Alex Selimov


Rust is pretty good (Short thoughts on Rust)

Published: Apr 09, 2024

In my current position I’ve had to swap to full time Rust development. After about 2 months of full time Rust development I think I’ll likely be developing projects in Rust in the future instead of C++ when performance is important. My reasons for this are primarily:

  1. Just Works™ build system and crates.io makes drawing in libraries painless
  2. Guaranteed memory safety is pretty nice
  3. Syntax is much cleaner and succinct than C++, with lots of nice syntax sugar to sweeten the package
  4. Easily integrable with C (and therefore C++ with some massaging)
  5. Proc macros are pretty nice as well
  6. Built-in test framework

I think that point 3 is potentially the biggest factor for me as the C++ modern syntax is not what I would consider clean, especially if you are trying to use a more functional programming style. A simple example highlighting the difference:

C++

vector<int> v(10,1);
std::transform(v.cbegin(), v.cend(), v.begin(), [](int value){ value + 1;})

Rust

let v = vec![1;10];
let v = v.map(|val| val + 1).collect()

I think that speaks for itself…(Although I prefer the C++ lambdas which don’t auto capture)

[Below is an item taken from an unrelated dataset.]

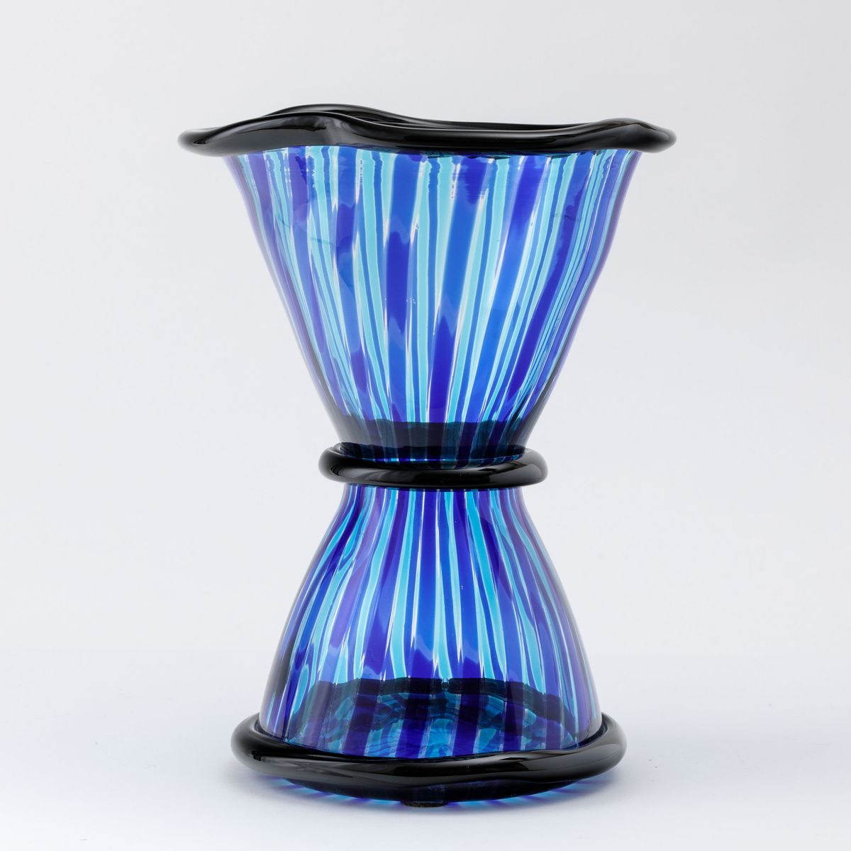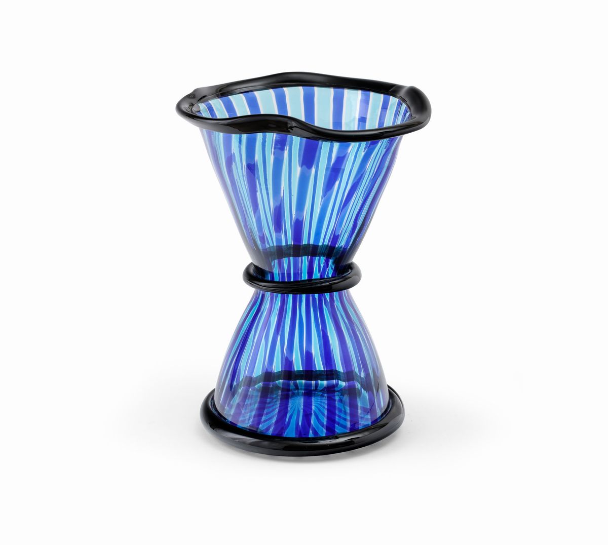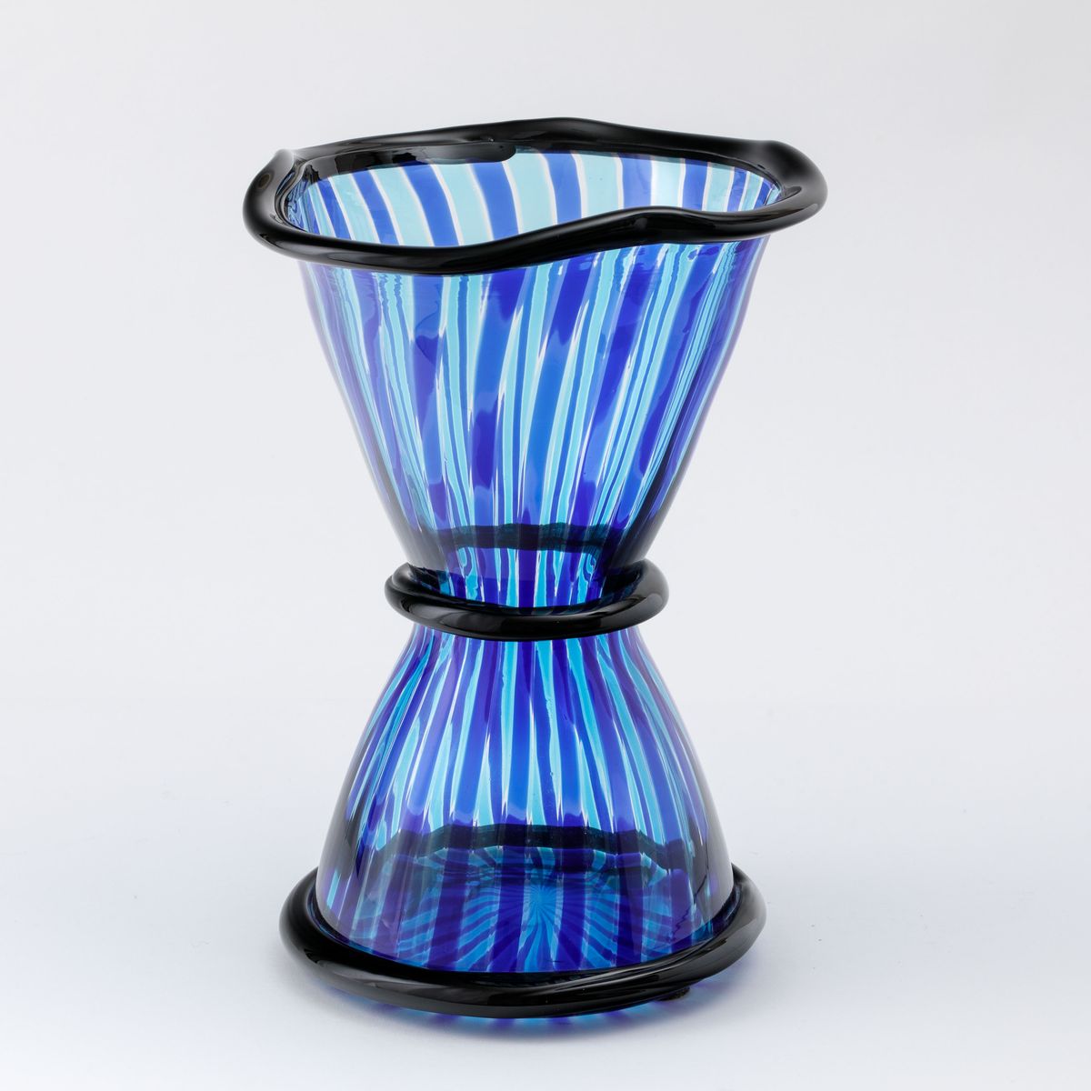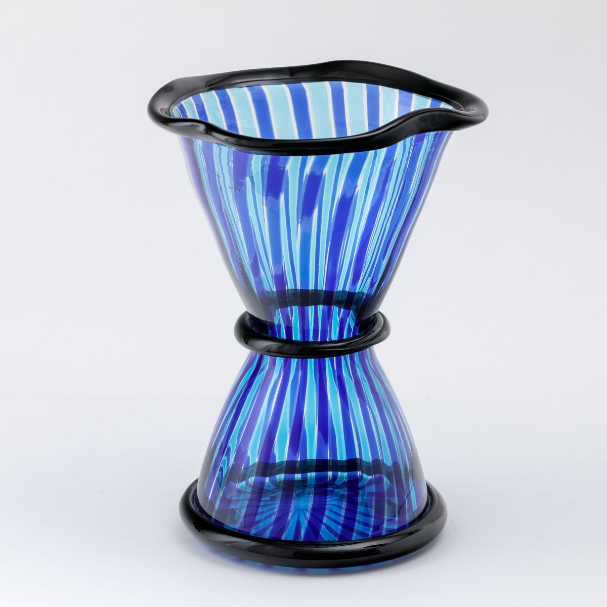 Grande vaso a clessidra in vetro soffiato con decoro di canne policrome e cordoni applicati.
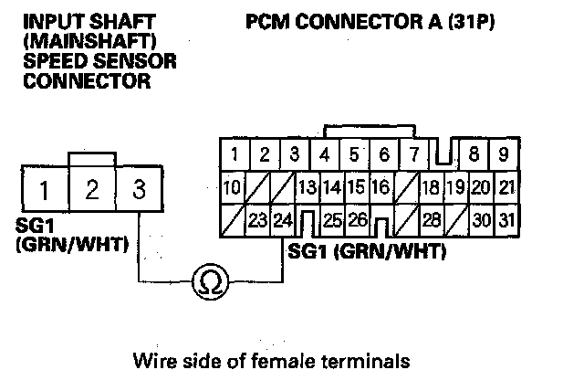9. Disconnect PCM connector A (31P) and the input shaft (mainshaft) speed sensor connector.

I’m not sure that I consider myself a Rustacean though as some seemingly simple programming tasks can become huge mountains due to the borrow rules Rust enforces. Once you learn the borrow rules and some of the tricks, the language itself ends up being very clean to write and easy to test. I probably won’t be writing C++ in the future unless I have a very specific/niche reason to. I recommend checking Rust out if you haven’t yet, it may surprise you!